With the du Pont family and company controlling at times a quarter of its economy, Delaware was referred to as “The Company State” in a study commissioned by Ralph Nader. The company first emerged as a local superpower during World War I, when it made dynamite and insisted that Allied governments pay half their bills in cash, up-front. The tidy war profits ($237 million by 1918) allowed the company to diversify into chemicals, plastics, and even acquire a major stake in General Motors.

The “company state” title still applies, but for an entirely different reason: As the exclusive dominance of the DuPont enterprise has declined, the state’s liberal incorporation and banking laws have attracted more than half the nation’s Fortune 500 companies to Wilmington—not to be headquartered there, to be sure, but to be incorporated there, which at least keeps the local legal profession busy. By removing most limits on the interest credit card companies can charge, Delaware has also acted as a magnet for national banks and has become a leader of interstate banking.

The result isn’t obvious. Wilmington—“A Place to Be Somebody,” city limit signs proclaim—has added a few skyscrapers to its skyline since the early 1980s. It has hung the usual downtown banners highlighting restaurants and shops and arts, its streets and avenues in the business district are wide, clean, ordered. But more than most northern towns I’ve seen, Wilmington is still the segregated city. Blacks and whites work some of the same jobs and attend some of the same schools. But downtown is an island of business and wealth rimmed in almost every direction by poor, overwhelmingly black neighborhoods of shuttered stores, boarded up buildings or empty lots. Neighborhoods like that exist in every city. It is one of the nation’s indifferent, collective crimes that nothing more than posturing and moralizing is ever done to rebuild them. In Wilmington, those neighborhoods are the city. Downtown’s wealth is the ghetto, a concentration of fortune whose horizons and dividends—like the interstate and globalist outlook of its companies—begins well beyond the city, or even the state.

Almost all the limestone markers that Charles Mason and Jeremiah Dixon laid out along the 233 miles of the line that bears their name have vanished. They’d been imported from England and planted by Mason’s and Dixon’s five-year surveying expedition, between 1763 and 1767. Farmers plowed them over or used them as construction stones, or stole them as souvenirs. A couple of re-surveys in 1849 and 1902 reset the markers in concrete at the five-mile intervals Mason and Dixon had established. But those, too, have decayed or come in the way of tractors.

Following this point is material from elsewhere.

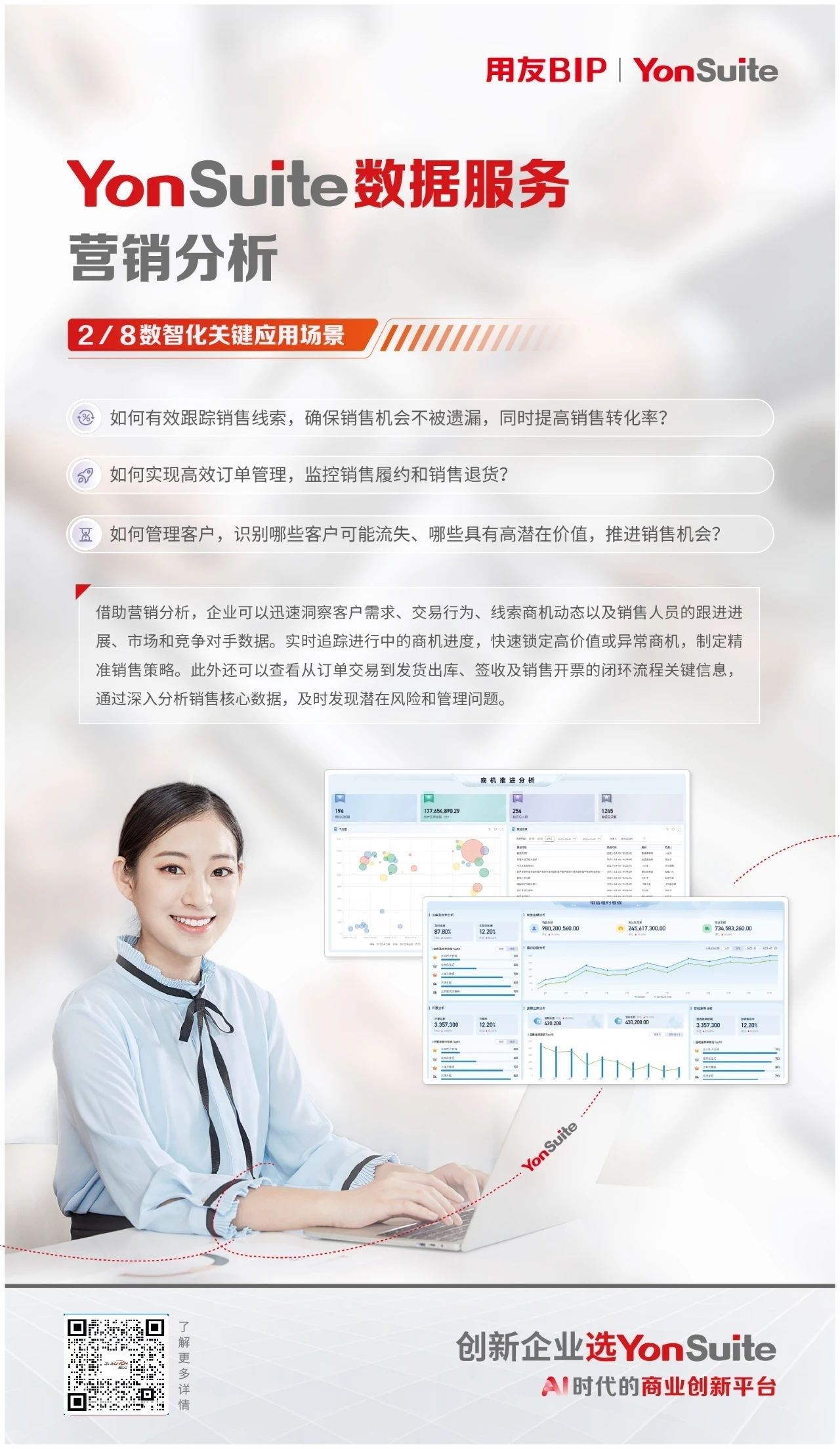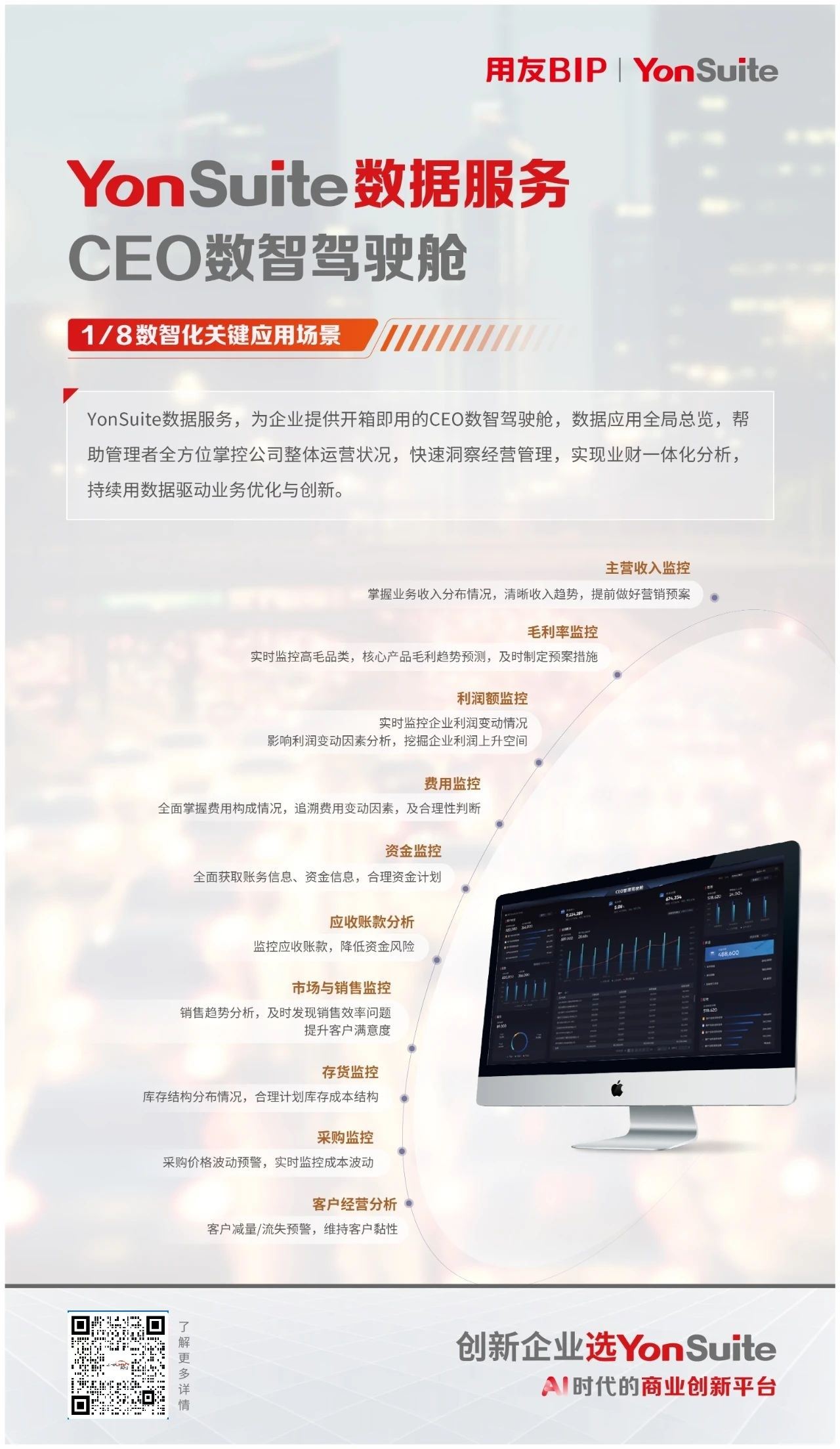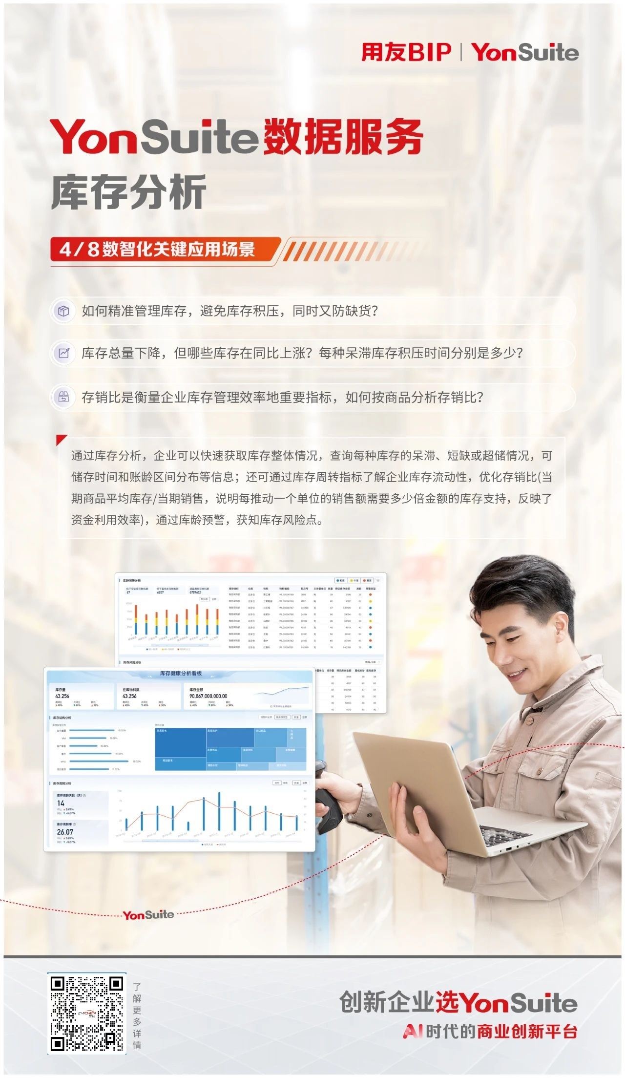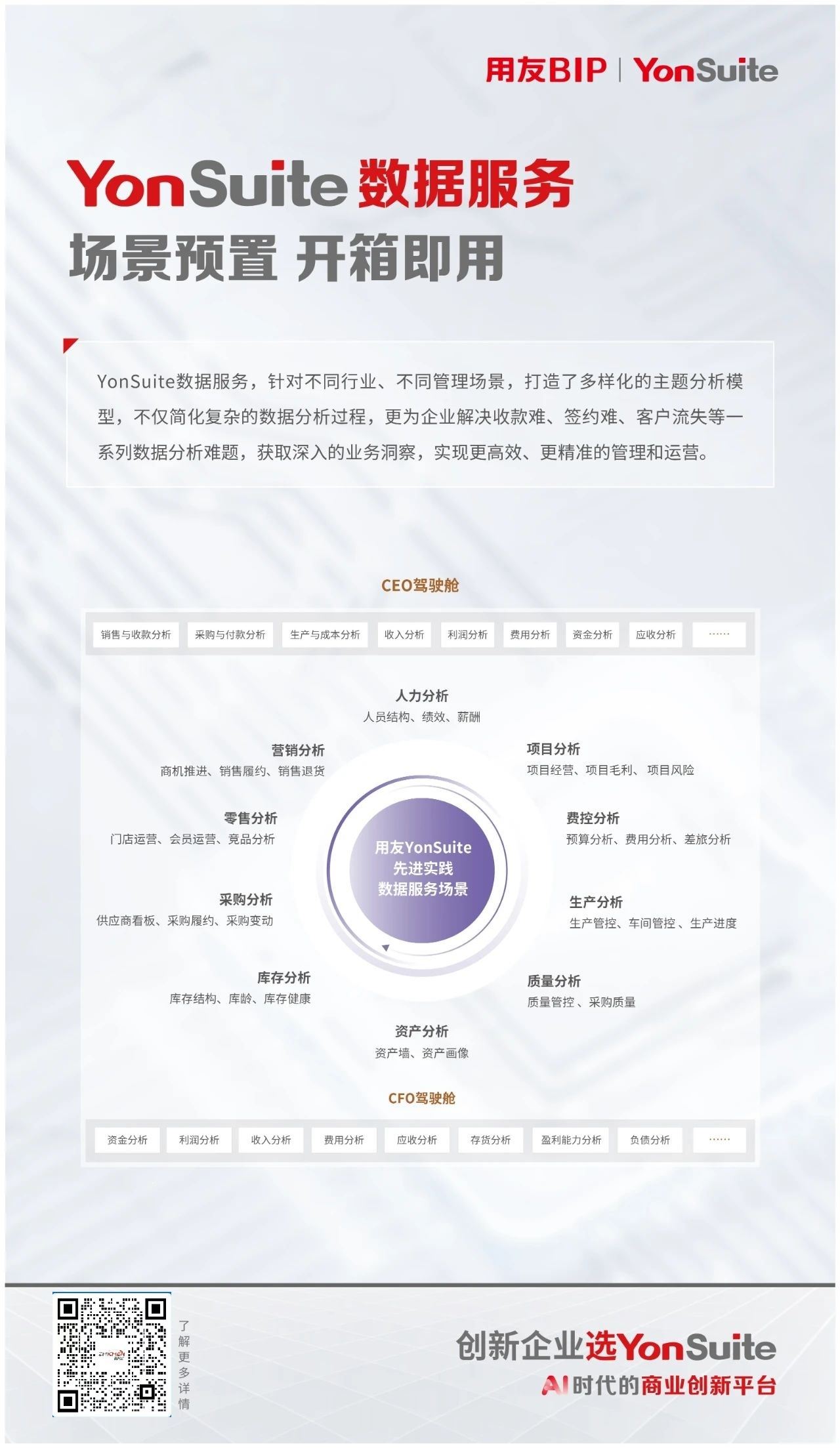 作为AI时代的商业创新平台,YonSuite以其强大的数据分析能力,为企业提供全角度的数据服务支持。凭借先进的数智技术和强大的数据资源与场景模型,提供数据集成、数据治理、数据分析、数据应用、社会化数据等一站式数据服务,助力企业释放数据潜力,提升运营效率、准确控制风险,打造业务自动化、准确决策的新一代智能企业。

It’s just as well. The line’s relevance goes no further than grade school history class, and even there teachers get its Civil War mythology mixed up with its actual origins. The Mason-Dixon line was ratified by a London court in the 18 th century to settle a colonial land dispute between the Calverts of Maryland and the Penns of Pennsylvania. Mason and Dixon had no inkling of divides larger than between properties as they went about their survey. They worried more about intemperate Indians or weather patterns than about triggering the rise of Dixiecology. By the time the Revolutionary Wars dispossessed the Calverts and Penns of their lands, the line became just another boundary between states, and only much later came to symbolize the divide between North and South, and runaway slaves’ last obstacle along the Underground Railway.

”What we were doing out in that country was brave, scientifick beyond my understanding, and ultimately meaningless,” the 18 th century narrator of Thomas Pynchon’s “Mason & Dixon” says somewhere in that brilliant sprawl of a book. Pynchon is known for his erudition as well as his fabulism. By combining the two skills in recreating the story of Mason and Dixon’s survey in his 1997 novel, he has also produced a more authoritative account of the line’s imprint on the American psyche than any footnote-dragging monograph ever could. A line that once went through the middle of properties, even the middle of houses, splitting communities and demarcating nature and Indians from the advance—somewhat decimating to both—of colonial progress could not have been a good omen. Pynchon has his heroes acting remorseful at the end of their line, seeing in it less a monument to their name than to the human desire for boundaries—pointless, in Mason’s and Dixon’s way of thinking. “Shall wise doctors,” Pynchon has Mason say, “one day write History’s assessment of the Good resulting from this Line, vis-a-vis the not so good? I wonder which list will be longer.”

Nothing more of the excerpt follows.